Question

If a projectile is fired at an angle \[\theta \] with the vertical with velocity $u$, then maximum height attained is given by:
$\begin{align}
  & \text{A}\text{. }\dfrac{{{u}^{2}}\cos \theta }{2g} \\
 & \text{B}\text{. }\dfrac{{{u}^{2}}{{\sin }^{2}}\theta }{2g} \\
 & \text{C}\text{. }\dfrac{{{u}^{2}}{{\sin }^{2}}\theta }{g} \\
 & \text{D}\text{. }\dfrac{{{u}^{2}}{{\cos }^{2}}\theta }{2g} \\
\end{align}$

Answer 1

Hint: First draw a rough diagram. Then consider the fact that the vertical component of the initial velocity is zero at maximum height. Then resolve the forces into horizontal and vertical components and use the formula, $s=ut+\dfrac{1}{2}a{{t}^{2}}$.
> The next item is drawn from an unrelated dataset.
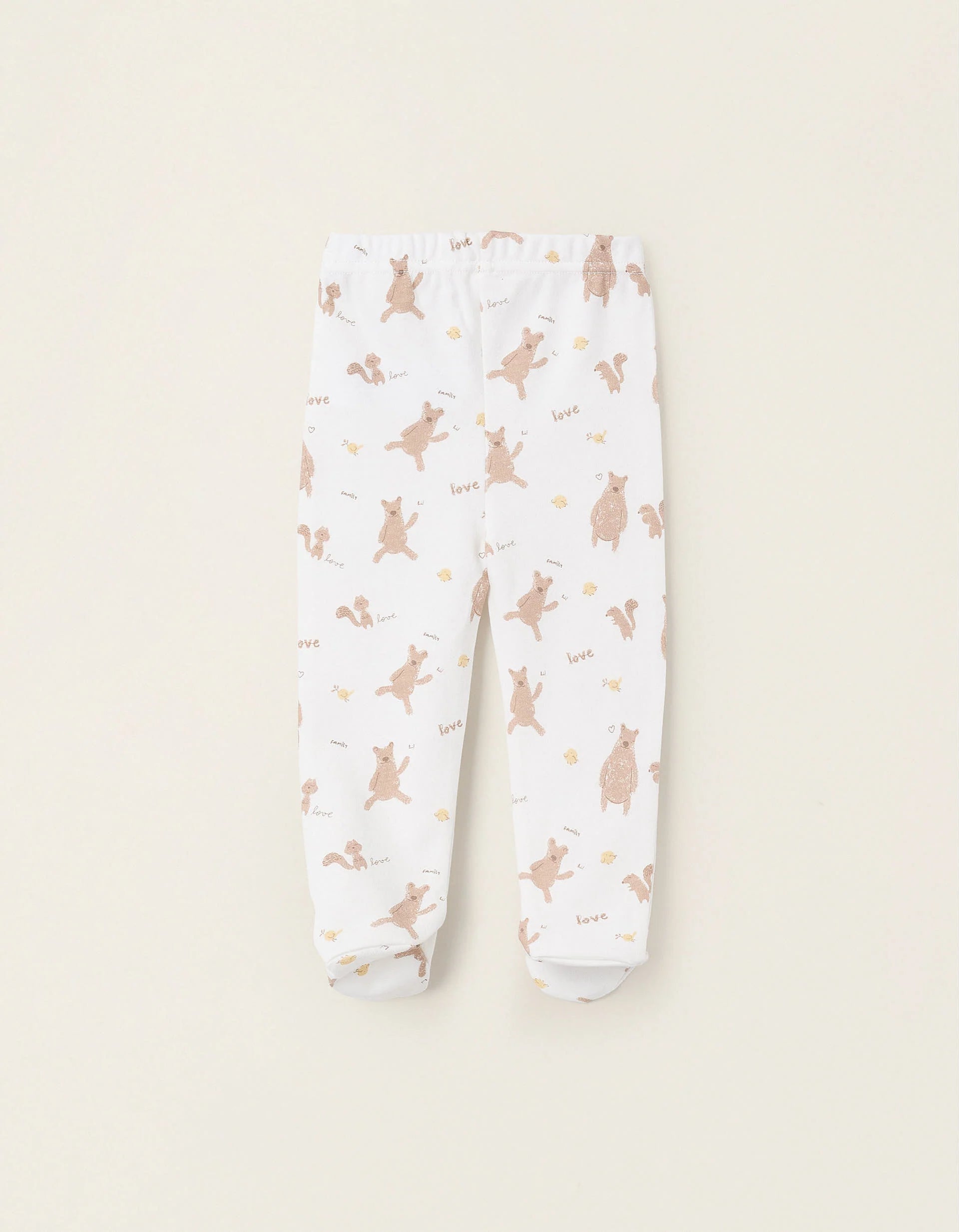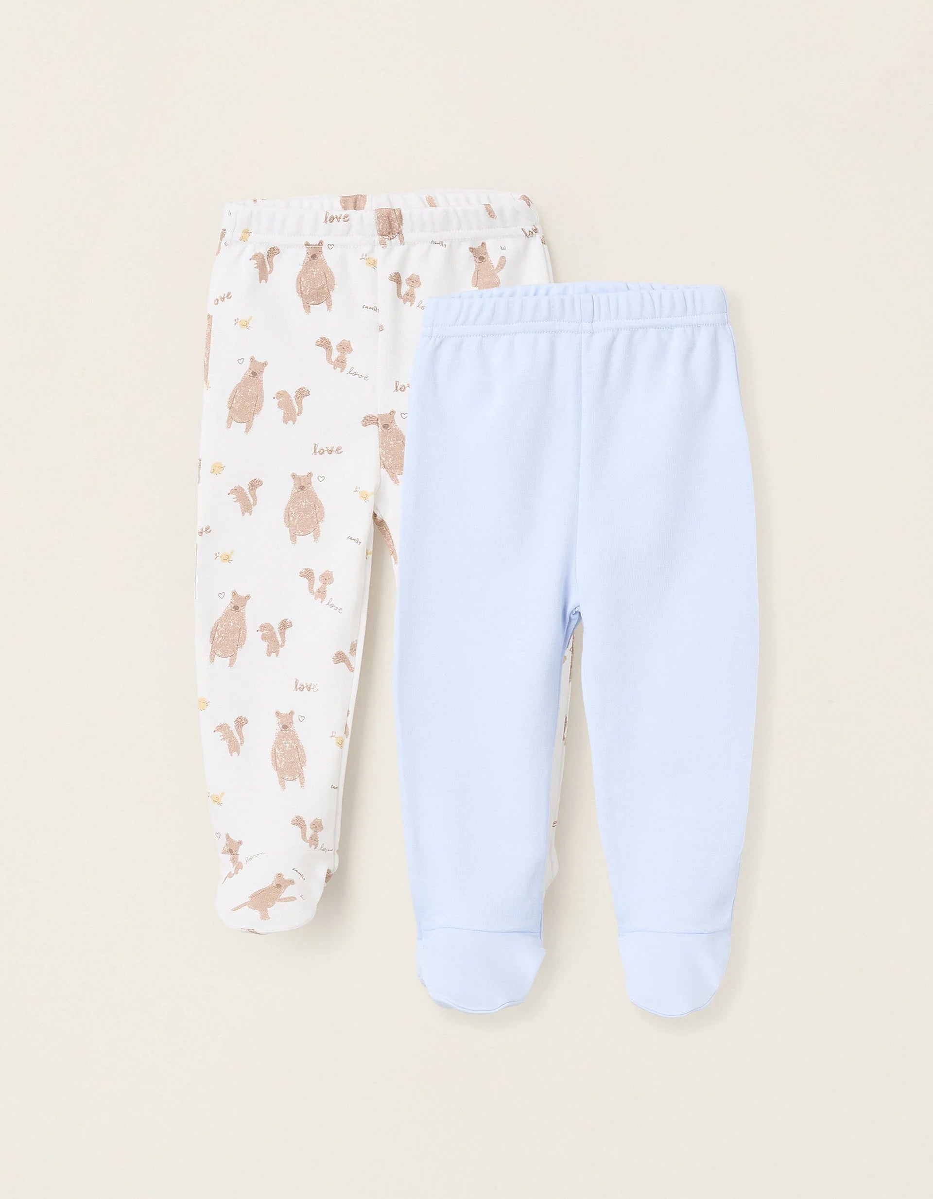 Pack of two pairs of footed trousers for baby boys, 100% cotton. Includes one plain blue pair and one white pair with a bear, squirrel and bird motif. Comfortable elastic waistband. Printed inner labels to prevent skin irritation. A soft and comfortable set of underwear, ideal for everyday wear!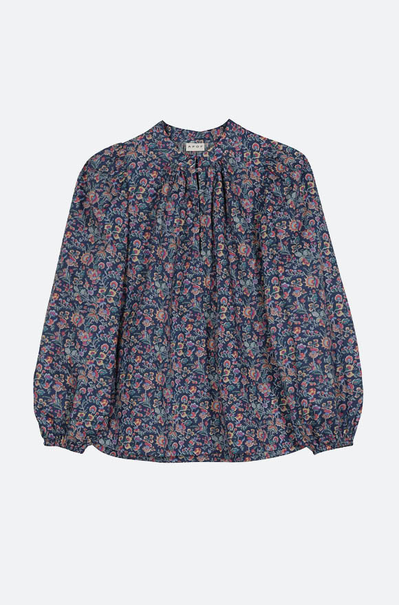Audrey Kazusa verbindet Vintage-Romantik mit künstlerischem Flair. Ihr filigraner Kazusa-Blumendruck von Liberty sorgt für einen lebendigen und eleganten Look. Die zarten Raffungen an den Schultern und die weiche, abgerundete Silhouette verleihen dem Kleid eine feminine und lässige Note – ein Stil, der sowohl für den Alltag als auch für besondere Anlässe geeignet ist.

Complete step by step solution:

Projectile motion is the motion of an object thrown or projected into the air, subject to only the acceleration of gravity. The object is called a projectile, and its path is called its trajectory. Motion of objects along both perpendicular axes is independent of each other, so they can be analysed individually.

So, resolve the motion into horizontal and vertical components along the x- and y-axes. These axes are perpendicular, so
\[{{A}_{x}}=A\sin \theta \] And \[{{A}_{y}}=A\cos \theta \] where \[{{A}_{x}}\]and \[{{A}_{y}}\] are components of displacement along x-axis.

The magnitudes of the components of the velocity $v$ are \[{{u}_{x}}\text{ }=\text{ u}\sin \theta \] and \[{{u}_{y}}=u\cos \theta \] where u is the magnitude of the initial velocity and θ is the angle with vertical.

Now, according to equation of uniform and accelerated motion,

$s=ut+\dfrac{1}{2}a{{t}^{2}}$
For vertical motion, $a=-g$
And for horizontal motion, $a=0$

Thus, \[{{v}_{x}}\text{ }=u\sin \theta \] for all time during projectile

And \[{{v}_{y}}=u\cos \theta -gt\]
 \[{{A}_{y}}=(u\cos \theta )t-\dfrac{1}{2}g{{t}^{2}}\]
\[{{A}_{x}}=(A\sin \theta )t\]

Now, at maximum height, component of vertical velocity equals to zero,

\[\begin{align}
  & {{v}_{y}}=u\cos \theta -gt=0 \\
 & u\cos \theta =gt \\
 & t=\dfrac{u\cos \theta }{g} \\
\end{align}\]

Height (maximum) = \[{{A}_{y}}\]at \[t=\dfrac{u\cos \theta }{g}\],

\[\begin{align}
  & {{A}_{y}}=(u\cos \theta )t-\dfrac{1}{2}g{{t}^{2}} \\
 & {{A}_{y}}=(u\cos \theta )\dfrac{u\cos \theta }{g}-\dfrac{1}{2}g{{(\dfrac{u\cos \theta }{g})}^{2}} \\
 & {{A}_{y}}=\dfrac{{{u}^{2}}{{\cos }^{2}}\theta }{g}-\dfrac{{{u}^{2}}{{\cos }^{2}}\theta }{2g} \\
 & {{A}_{y}}=\dfrac{{{u}^{2}}{{\cos }^{2}}\theta }{2g} \\
\end{align}\]

Thus, maximum height reached is \[\dfrac{{{u}^{2}}{{\cos }^{2}}\theta }{2g}\] hence option D is correct.

Additional Information:
Suppose that a projectile of mass m is launched, at t=0, from ground level, making an angle \[\theta \] to the horizontal. Suppose, further, that, in addition to the force of gravity, the projectile is subject to an air resistance force which acts in the opposite direction to its instantaneous direction of motion, and whose magnitude is directly proportional to its instantaneous speed. This is not a particularly accurate model of the drag force due to air resistance, the magnitude of the drag force is typically proportional to the square of the speed but it does lead to tractable equations of motion.
We thus conclude that if air resistance is significant then it causes the horizontal range of the projectile to scale linearly, rather than quadratically, with the launch velocity. Moreover, the maximum horizontal range is achieved with a launch angle which is much shallower than the standard result.

Note: It is important to set up a coordinate system when analysing projectile motion. One part of defining the coordinate system is to define an origin for the x and y positions. Often, it is convenient to choose the initial position of the object as the origin such that \[{{x}_{0}}=0\]and \[{{y}_{0}}=0\]. It is also important to define the positive and negative directions in the x and y directions. Typically, we define the positive vertical direction as upwards, and the positive horizontal direction is usually the direction of the object’s motion.